The story is set in motion when Helene Shaw (Susan Sarandon), a woman intending to stay in town for only eight weeks, is persuaded into auditioning for the role of Stella, opposite Harry's Stanley Kowalski in a production of A Streetcar Named Desire.

Ignoring warnings of Harry's introverted personality, Helene falls in love with Harry's "Stanley" persona, and mistakes his cluelessness and shyness for rejection.  This results in a clumsy and uneven performance on the second night of the play, but Helene bounces back in time for closing night, due to an inspiration: her closing-night gift to Harry is a copy of Romeo and Juliet. Harry and Helene find that they can pursue a relationship by reciting stage romances to each other, and the story ends with him proposing, in character, from a scene in Oscar Wilde's The Importance of Being Earnest.

Cast
 Susan Sarandon as Helene Shaw
 Christopher Walken as Harry Nash
 Robert Ridgely as George Johnson
 Dorothy Patterson as Doris
 Caitlin Hart as Lydia
 Les Podewell as Les
 Aaron Freeman as Andrew

Production

Music
The film's score was composed by John Cale of The Velvet Underground.  Hinckley, Illinois served as stand-in for fictional North Crawford.

Writing
The quotations recited by the actors, from Cyrano de Bergerac to The Importance of Being Earnest, are often paraphrased. In the opening act, Harry Nash delivers the final lines of Cyrano, which were taken not from the well-known translations of the standard texts, but from the film adaptation Cyrano de Bergerac (1950), with translation by Brian Hooker. Edmond Rostand's final two words in the original French version were My panache!, which is usually used in translations.

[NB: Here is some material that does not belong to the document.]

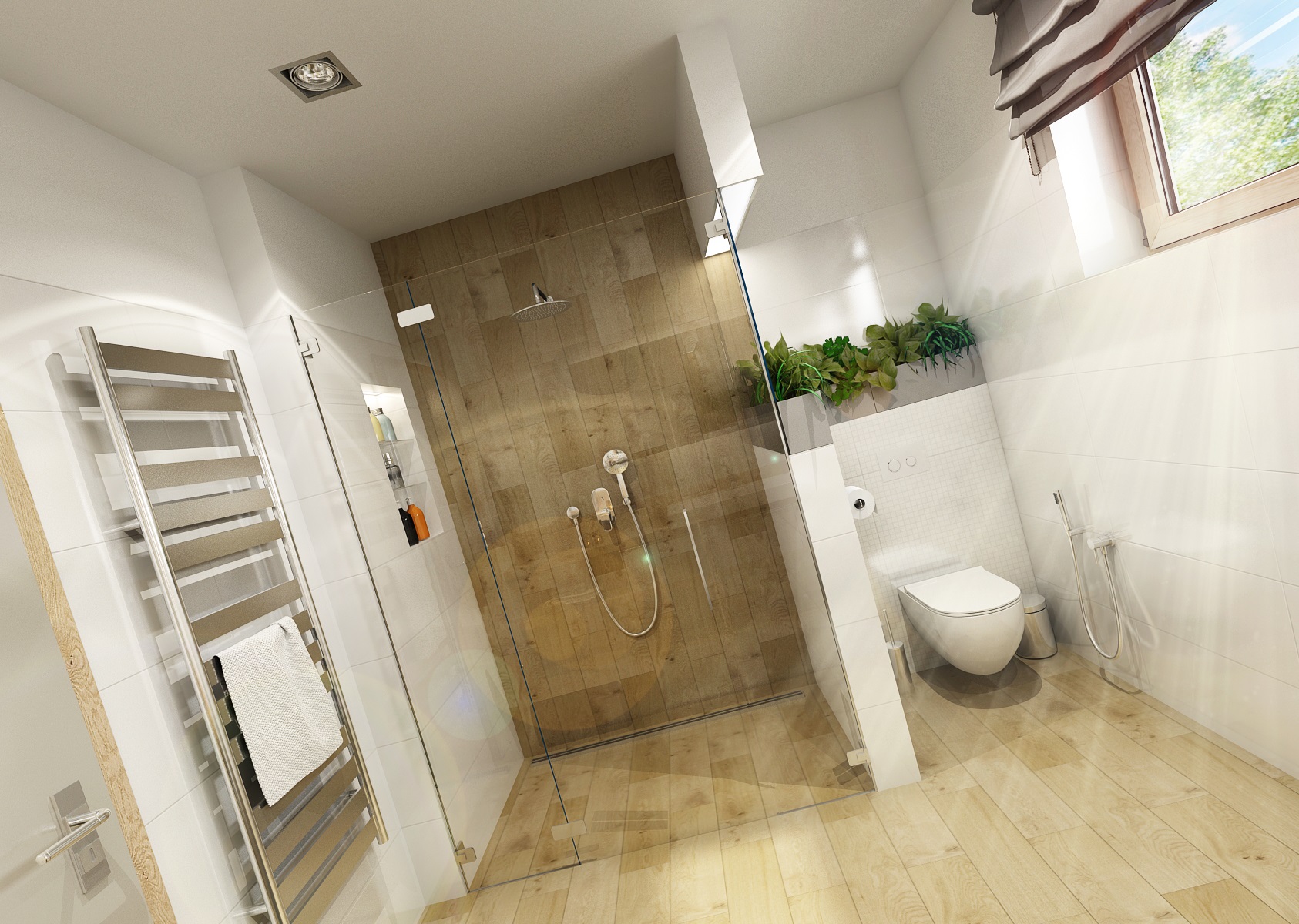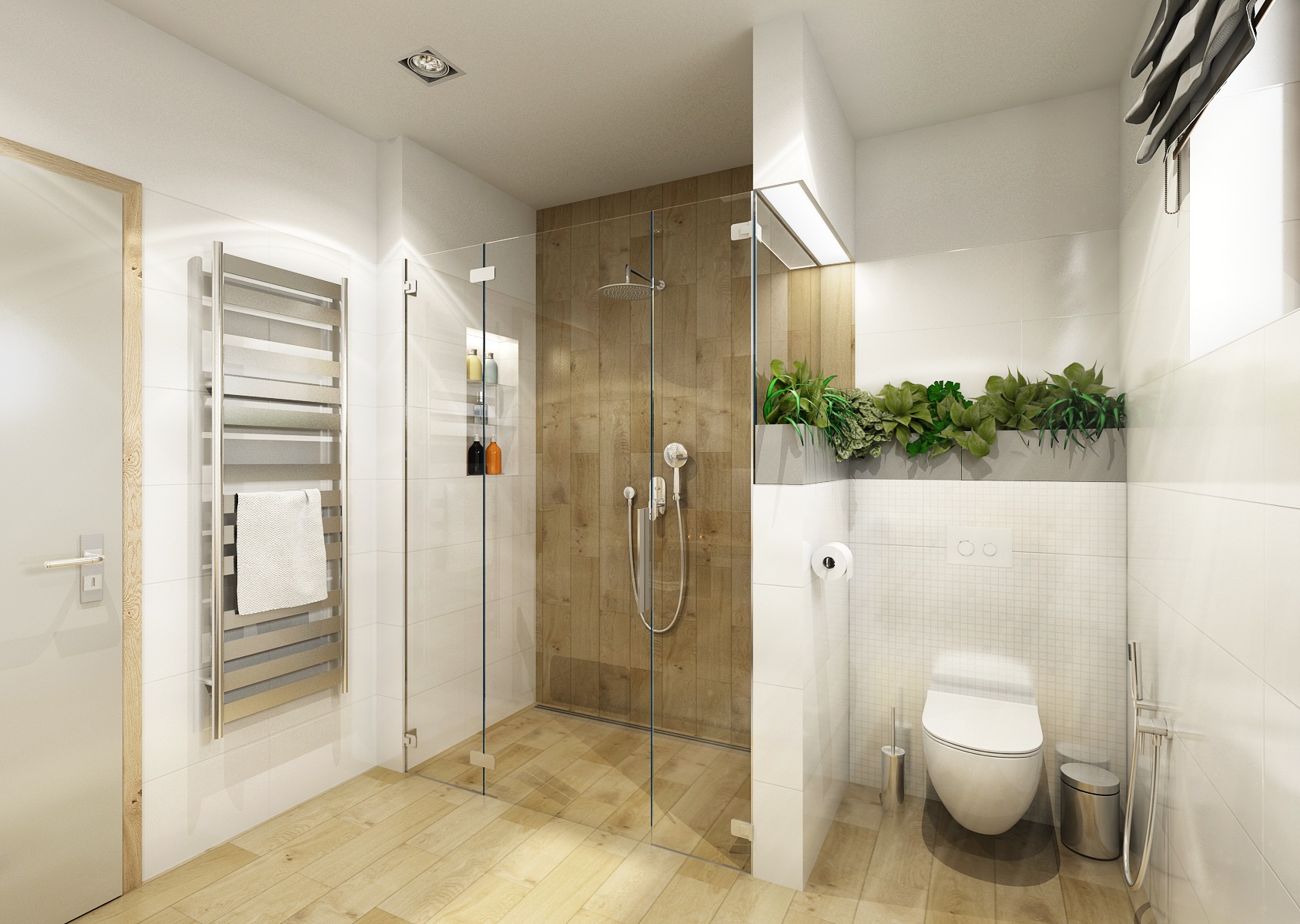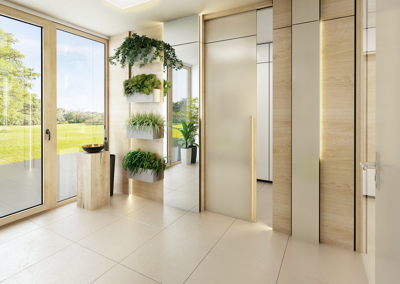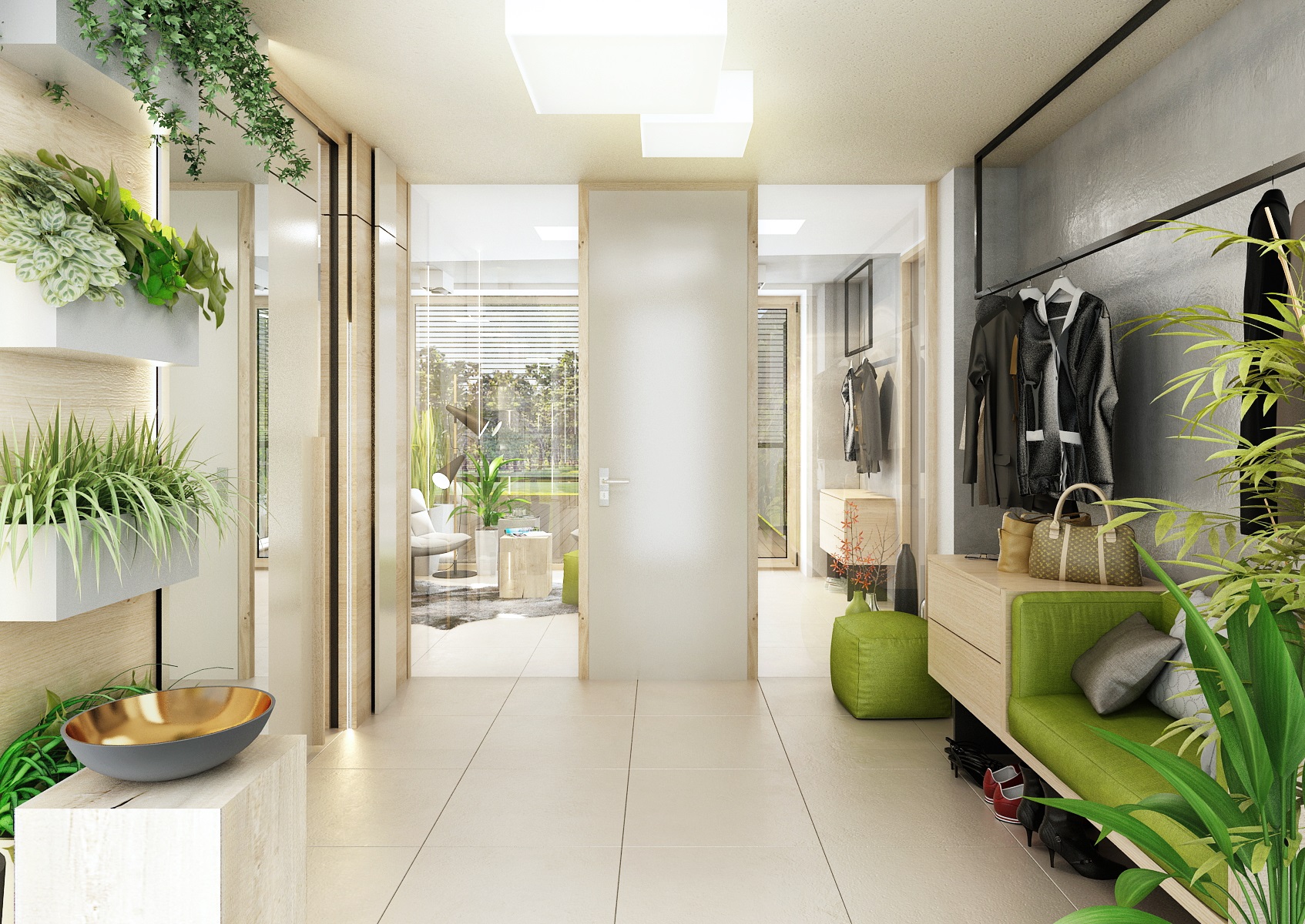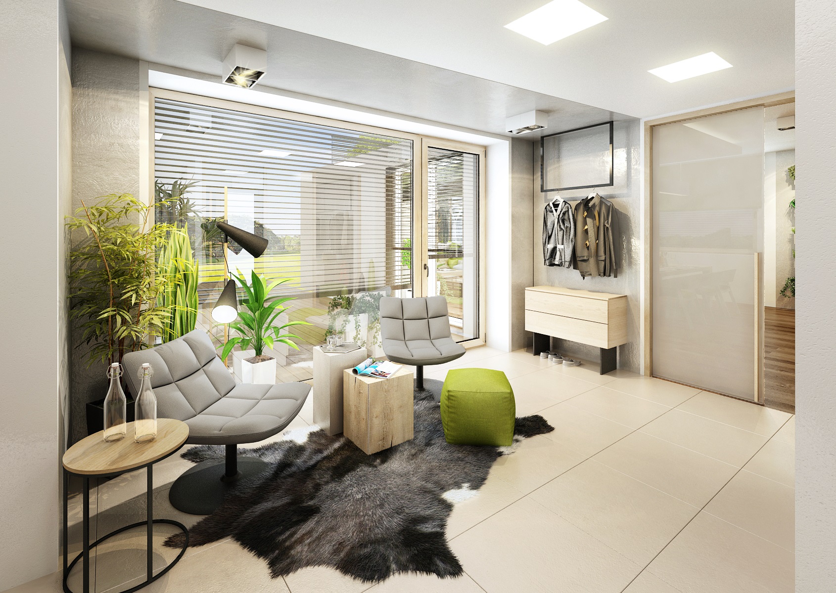 The owners wanted to incorporate enough greenery for the interior design of a house in Vysočina and we adapted the chosen color scheme.The choice fell on white, netral gray, earthy sand and brown color, natural green and oak wood decor (on furniture light oak Sorano and in contrast dark tabacco oak on the floor). The green color can be seen on the upholstered chairs and sofa, carpet or window roller. In the bedroom, for a change, the interior was harmonized in a kerosene color. We didn't even forget about the sufficency flowers and wall planters.

Hooker's version, which Christopher Walken/Cyrano declaims, changes his final phrase to "My white plume!"  Panache means plume; here, the literary reference is to King Henry IV of France, who was famous for wearing a white plume in his helmet and for his war cry: "Follow my white plume!" (French: Ralliez-vous à mon panache blanc!).

Another slight variation occurs in the final lines, when Helene accepts Harry's proposal of marriage and says, "I hope that after we marry, you'll always look at me just like this... especially in front of other people!" In the original play by Oscar Wilde, the line is, "I hope you will always look at me just like that, especially when there are other people present."

In Vonnegut's short story, the character George Johnson is the first-person narrator. He meets Helene while trying to sort out a phone bill and asks her to try out for the local play.

Reception 
The film holds a 92% "Fresh" rating on aggregate review site Rotten Tomatoes, based on 354 user ratings.

The New York Times published a review saying that the script was "touchingly adapted" from Vonnegut's story.

Howard Rosenberg of the Los Angeles Times called Who Am I This Time? "a smashing adaptation of a Kurt Vonnegut story."  Daily Variety praised Demme, saying he "directed with finesse," and said that producer Neal Miller "coaxes his characters along with becoming humor."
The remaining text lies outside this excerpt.